Peshawar: Pakistani authorities ordered "foolproof" security on Wednesday for journalists across the country a day after a suicide bomber attacked a press club in the northwestern city of Peshawar.
The attack on the club was the latest in a surge of militant strikes in Peshawar which began when the army went on the offensive against Pakistani Taliban militants in their South Waziristan stronghold on the Afghan border in October.
Reporters have been attacked and killed in Pakistan's ethnic Pashtun tribal regions along the Afghan border and elsewhere, but the Tuesday blast was the first on a reporters' club in a city.
The blast indicated a new trend in terrorist attacks and posed a serious threat, the Interior Ministry said.

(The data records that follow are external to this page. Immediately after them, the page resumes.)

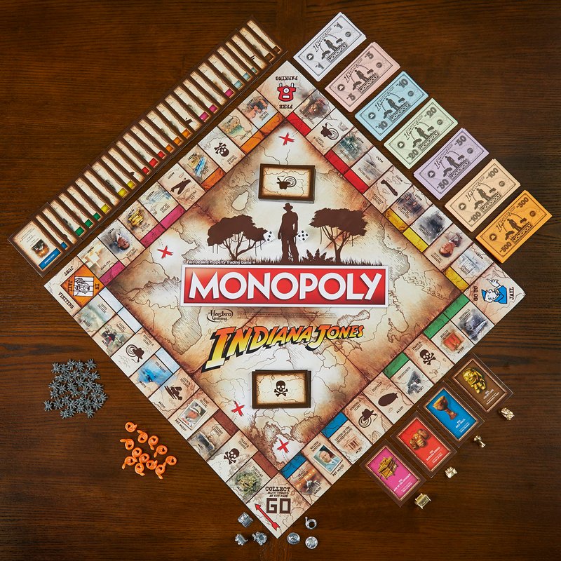 - INSPIRED BY THE INDIANA JONES MOVIES: This Monopoly: Indiana Jones Edition board game celebrates Indy with artwork, game pieces, locations, and themes inspired by the original Indiana Jones trilogy
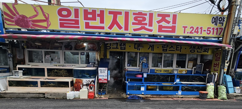 여기에 사계절 따라 봄에는 도다리 가을에는 전어 등 다양한 횟감들이 철 따라 어김없이 나온다. 특히 대개의 하얀속살의 맛 때문에 미식가들이 많이 찾아온다는 "일번지횟집 이곳은 40여 년 명품전통 횟집으로 자리 메김해 가고 있다.
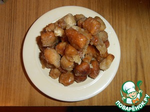 Нарезать на маленькие шарики. Обжарить в раскаленном масле до золотистого цвета.
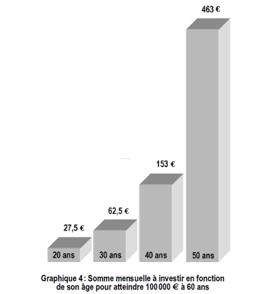 Par ailleurs, pour ceux qui ont des enfants, cette petite histoire doit aussi vous faire prendre conscience de l’importance de mettre en place pour eux des solutions de placement dés leur naissance et, quand il seront en âge de comprendre,  de les éduquer sur le sujet. Regardez le graphique ci-dessous. Celui-ci indique l’âge du premier investissement et la somme qui doit être placée chaque mois à 8 % pour atteindre le capital de 100000 euros à 60 ans. Il apparaît que pour des sommes minimes (27 euros par mois, soit moins d’un euro par jour à l’âge de 20 ans) vous pouvez les aider à assurer leur retraite.

"In order to avert such attacks in future, foolproof security arrangements for all press clubs ... and prominent media persons have to be ensured," the ministry said in an order to provincial interior departments.
A lone bomber wearing a suicide vest blew himself up at the gate of the club when a police guard tried to stop him from getting in, killing three people and wounding 17.
The club released closed-circuit television footage of the attack showing a man wearing a black jacket over a traditional loose tunic and baggy trousers talking to the guard as three other men stood nearby, just inside the club premises.
The club is a meeting place for journalists in the city, the gateway to the Khyber Pass and an ancient trading hub between South Asia's plains and the mountains of Afghanistan.
During the 1980s, the city was a hub for Islamist fighters, including Osama bin Laden, battling Soviet occupiers in nearby Afghanistan.